The largest bank robbery took place on 11 July 2007 at the Dar es Salaam Investment Bank in Baghdad, Iraq. The theft was reportedly an inside job, with two (or perhaps three, reports vary) of the bank's security guards involved. The thieves made off with $282 million in US Dollars and 220 million Iraqi Dinars (worth around $173,000 at the time).


As this robbery took place during the Iraqi Civil War (2006–2008), the resources and reach of the Iraqi police were severely constrained and no-one seems to have ever been charged. It is likely that the guards were either working for or with one of the sectarian militias active in Baghdad at the time.

The biggest unanswered question, however, is how a relatively small private bank came to have $282 million US Dollars in cash. Reports immediatedly suspected a link between the cash, Iraqi Government corruption, poor financial management on the part of the Coalition Provisional Authority (who famously shipped in more than 300 tons of cash during the first few months of the occupation) and the sectarian militias that filled the power vacuum in post-invasion Iraq. As a consquence of these politically difficult questions, there seems to have been little apetite to get to the bottom of this case.

The Dar Es Salaam Bank (which was 70% owned by HSBC between 2005 and 2013) remained in business for more than a decade after the heist, but seems to have shut down in 2018. Its last financial statements were submitted to the Iraqi Securities and Exchange Commission in Q2 2018.

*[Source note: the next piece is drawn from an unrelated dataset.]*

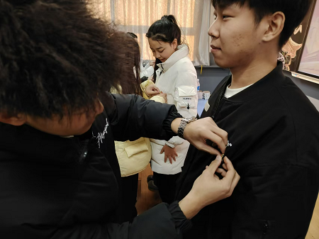 12月4日,人工智能技术系举行2024年新团员入团仪式。入团仪式上,优秀团员代表们身姿挺拔,稳步上前为新团员们佩戴团徽,团徽在新团员们的胸前闪耀,恰似希望火种,燃起新团员们内心深处的理想火焰。随后,新团员右臂奋力高举,右拳紧握,面向团旗宣誓。

The history of this category is complicated by the fact that many of the largest thefts in history have been carried out by heads of state against the banking systems of their own countries. In many cases, such as Saddam Hussein's removal of $920 million in cash reserves from the Iraqi Central Bank on 18 March 2003, this action isn't technically illegal as it was carried out by an absolute ruler unfettered by the rule of law.